News isn't breaking -- it's already broken apart into something completely different than it once was. And all you need are these two reliable sources to verify that fact: the millennial generation and one a few before it.

It's unclear what's scarier: how much news has changed or that someone knows Joel Waldman and not Murrow, Cronkite or Brokaw. Either way, with the emergence of everything from Twitter and Facebook and alternative news websites from Mashable to Gawker, the Intercept, Vice, and Vox, it's abundantly clear the new age of news has officially arrived.

Professor Jeff Jarvis of the CUNY Graduate School of Journalism says news isn't what we say it is anymore, it's what the public needs and wants. And it's no one's fault: it just is, he says.
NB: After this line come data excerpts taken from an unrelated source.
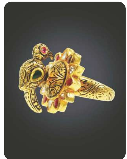
Available exclusively at Kalasha Fine Jewels

Huma Jewellery by Kalasha: Inspired by the Huma bird, we made a royal ring in pure gold carved in Kundan technique, studded with rubies, emeralds and polki flat diamonds. It is a 3-Dimensional bird ring with excellent engraving work all over.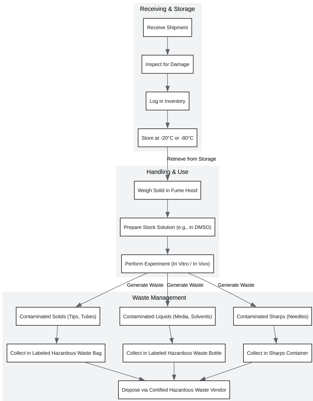
Figure 1. Operational Workflow for AZ'3137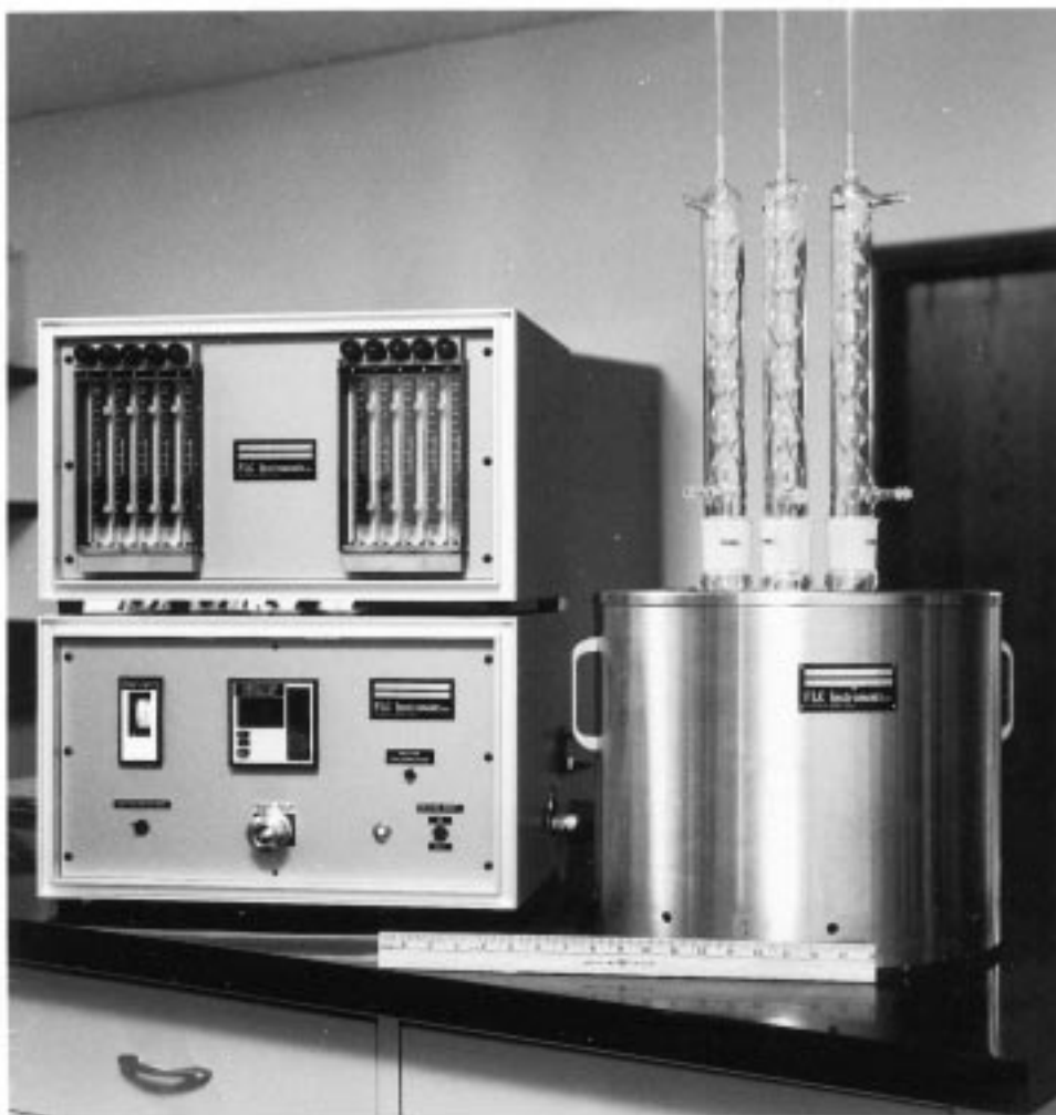
FIG. 1 Apparatus, Showing Gas Flow Control System, Temperature Control System, and Heating Block

6.3.2 Flowmeters shall have a scale length sufficiently long to permit accurate reading and control to within 5 % of full scale.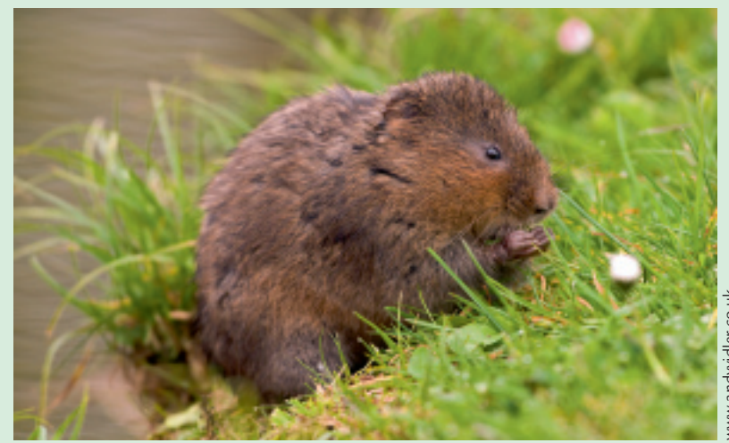
Listen out for the characteristic 'plop' of the water vole as it dives head first into the water. Water voles are the most dramatically declining of all British mammals but they do live at Leybourne Lakes so keep your eyes and ears peeled.

Follow this path for about a kilometre keeping the stream to your right. Brooklands Lakes will lie to your left the far side of the railway line. At the end of the path turn left and then right almost straight away keeping the main lake ( Ocean Lake ) on your left hand side. Follow this path all the way around the lake keeping the lake to your left. After passing through some housing and going across a tree-lined causeway between two lakes you will eventually come back to the point where you first approached the lake.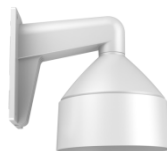
DS-1273ZI-DM26 Wall mount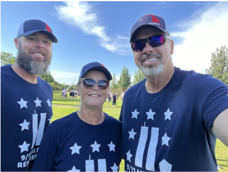
The Burks' walked with many to honor those who lost their lives from 9/11 on with Mission 43.

The professor, who studies the changing face of news for a living, says what was once old in journalism is new again. Jarvis contends that before what he describes as "trusted, institutional" anchormen like Edward R. Murrow, smoking cigarettes in studio, and Walter Cronkite, newspapers ruled -- lots of them, with just as many viewpoints.

Jarvis says with the dawn of the Internet, more choices than ever before are now at our fingertips waiting to satiate our seemingly endless appetite for news. He says people can share information with each other without news outlets. That means journalists have to add value to that, he says.

Is this good or bad?

The executive director of the American Press Institute, Tom Rosenstiel, has an answer for you: yes. It is an intentionally ambiguous answer.

Much clearer is the deplorable, deteriorating numbers for both newspapers and traditional TV news. 75 percent of the classified advertising in newspapers from a decade ago is gone and revenues are down 40 percent. The number of print reporters is 30 percent lower. On the TV side, the network news audience is half of what it once was in the 1980s.

Jarvis says journalists have their brand, their own reputation, their own Twitter feed. He says a media brand becomes a collection of brands.

Jarvis says if you consider the first newspaper was not printed until 150 years after the birth of the printing press, when it comes to the web, we are still more than a hundred years away from that tedious evolutionary process of what news is still to become

Murrow used to close his newscast with: "goodnight and good luck."

It seems we'll need some to keep up with the ever-changing face of news.